* **TASK ITEM**
Transcribe exactly the stretch of lines beginning at the one containing "And then we" and closing with the last line of the entries below. Omit images.

* **RECORDS FOR THIS TASK**
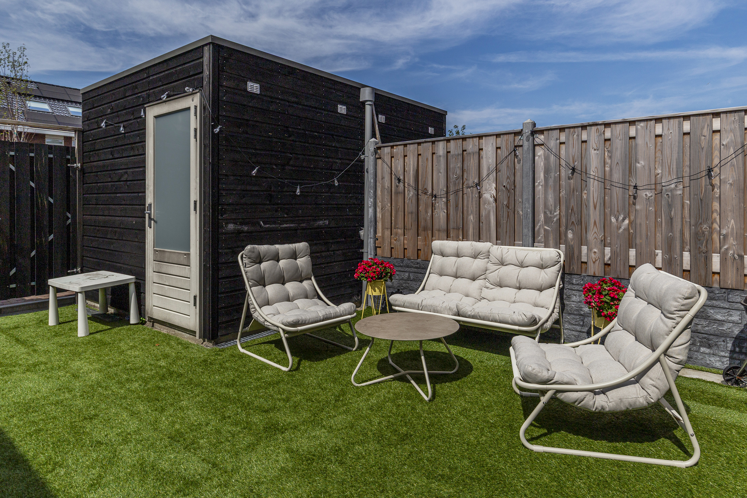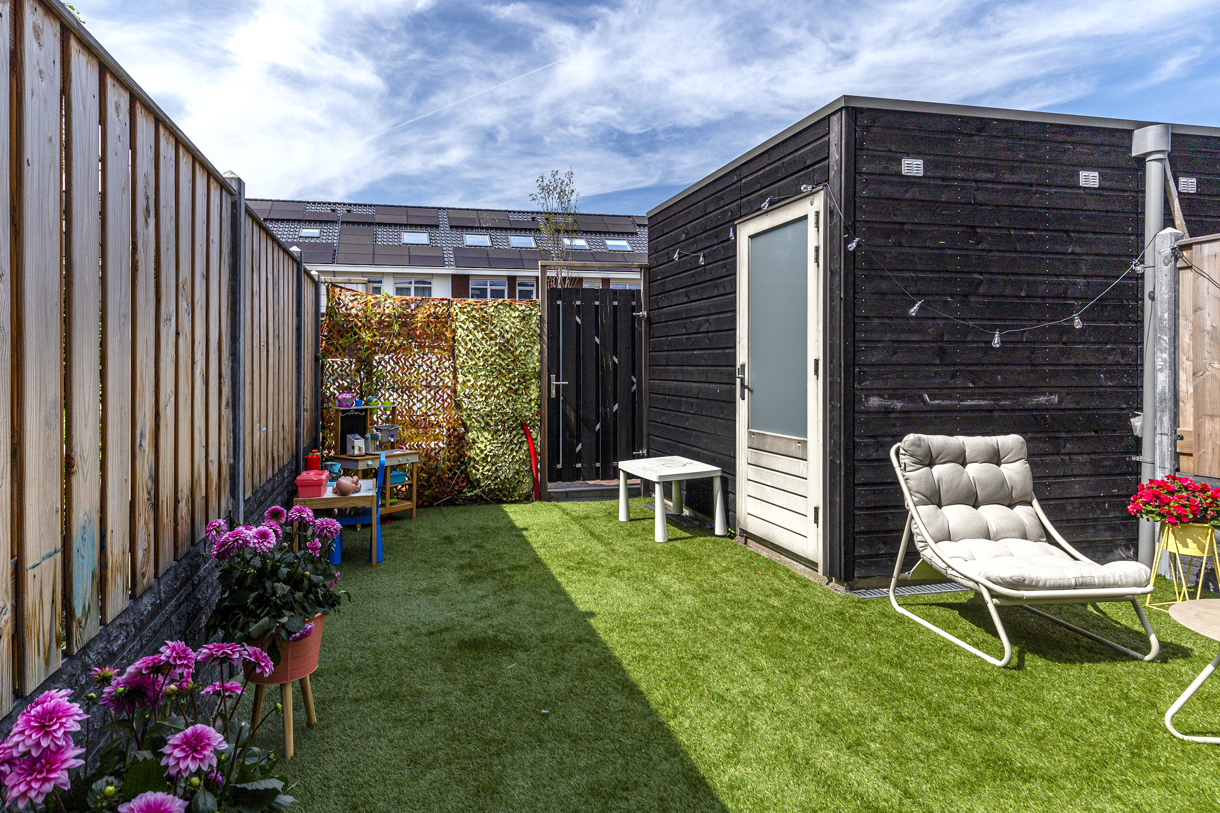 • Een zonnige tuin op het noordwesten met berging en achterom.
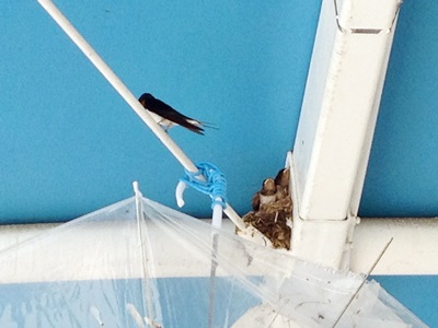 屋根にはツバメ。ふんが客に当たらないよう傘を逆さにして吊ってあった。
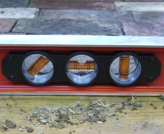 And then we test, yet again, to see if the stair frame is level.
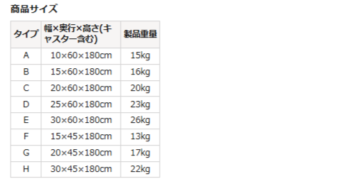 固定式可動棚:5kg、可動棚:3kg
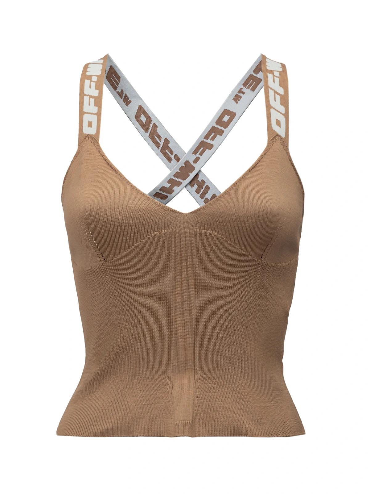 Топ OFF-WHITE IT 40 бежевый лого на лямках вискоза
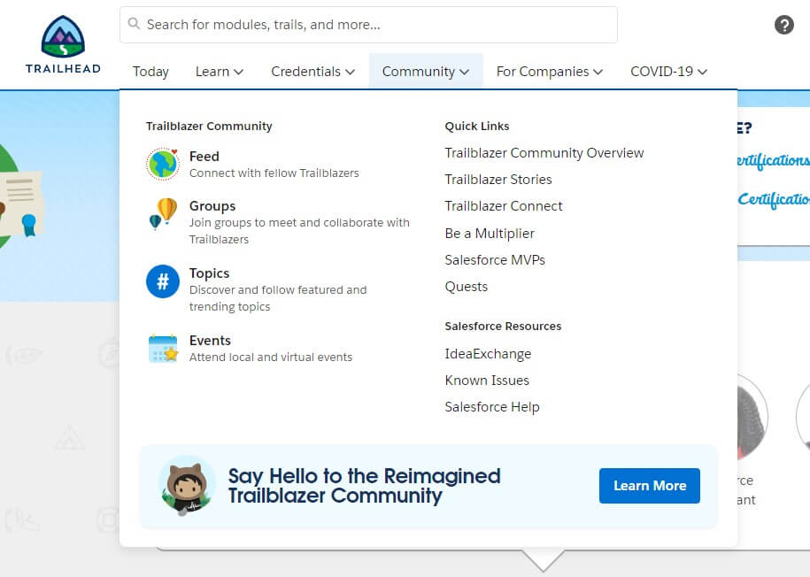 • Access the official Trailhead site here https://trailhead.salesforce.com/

* **RESULT OF THIS TASK**
 And then we test, yet again, to see if the stair frame is level.
 固定式可動棚:5kg、可動棚:3kg
 Топ OFF-WHITE IT 40 бежевый лого на лямках вискоза
 • Access the official Trailhead site here https://trailhead.salesforce.com/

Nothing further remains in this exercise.